It should be noted at this point that the projection device 8 has indeed been shown in the same way in FIGS. 1, 5, 6 and 8 to 12 and in FIGS. 13 to 18 and 20, respectively. Nevertheless, the projection device 8 shown in individual ones of the figures may have components or a structure or characteristics that differ from those of individual others or all of the other projection devices 8 in the other figures. Further, a different environment of the projection device 8, such as the addition of an array 13 (see FIGS. 1 and 5 or FIGS. 13 and 14), may change the imaging characteristics of the projection device 8, such as the distance from the first plane 5 to the working plane 11, even though the distance is simplified to be drawn the same in each of the figures.

It should further be noted that by imaging from the first plane 5 to the working plane 11, the order of the juxtaposed intensity maxima 7, 7′ and pixels, respectively, can be maintained or changed. Thus, for example, three pixels a-b-c arranged next to each other in the first plane 5 could also be arranged in the working plane 11 in the order a′-b′-c′ or, for example, in the order c′-b′-a′ or, for example, in the order b′-a′-c′.

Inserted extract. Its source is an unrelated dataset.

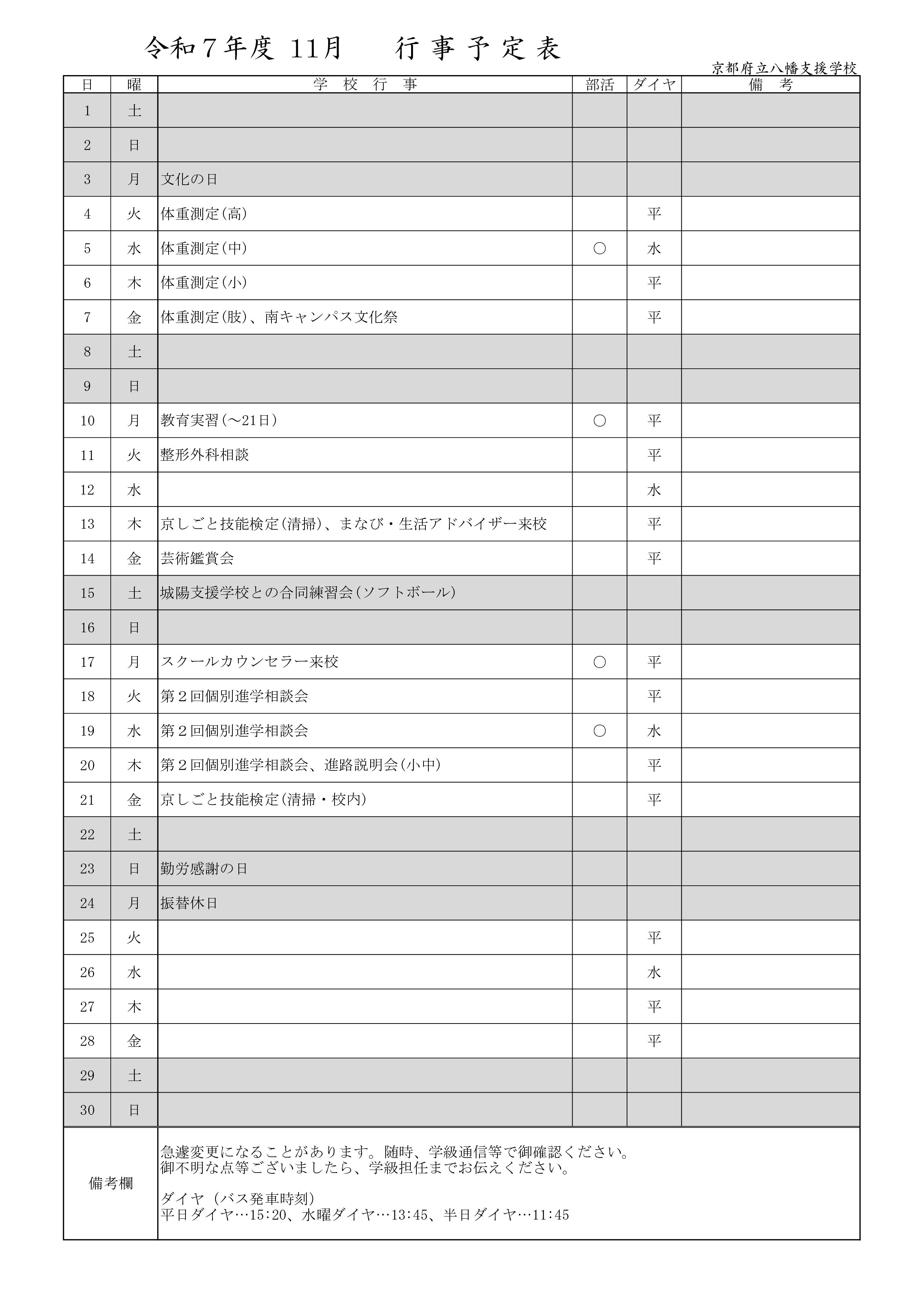 令和7年度 11月行事予定表 00 新着情報 Twitter Facebook はてブ Pocket LINE コピー 2025.09.26 070926 令和7年度11月行事予定(保護者用)ダウンロード Post Views: 74

In the embodiment shown in FIG. 24, a two-dimensional array of, for example, 9 by 150 optical fibers, which are not shown, is provided from which the laser radiation 2 shown in FIG. 24 emanates. The embodiment comprises two arrays 13 of optical elements 14, which are formed as cylindrical lenses and serve for collimation. The cylindrical axes of the cylindrical lenses on the two arrays 13 are aligned perpendicular to each other or are formed as cylindrical lenses crossed with each other.

The embodiment according to FIG. 24 further comprises two arrays 15 of converters 16 crossed with respect to each other. Furthermore, the embodiment comprises a Fourier lens 27 and an array 17 of Fourier lenses 18 connected thereto. The converters 16 together with the Fourier lenses 18 can change the intensity profile of the laser radiation 2 or of one or more of the partial beams, wherein each of the converters 16 can, for example, convert a Gaussian profile into a top-hat profile. Alternatively, each of the converters 16 may, for example, convert a Gaussian profile into an M-profile.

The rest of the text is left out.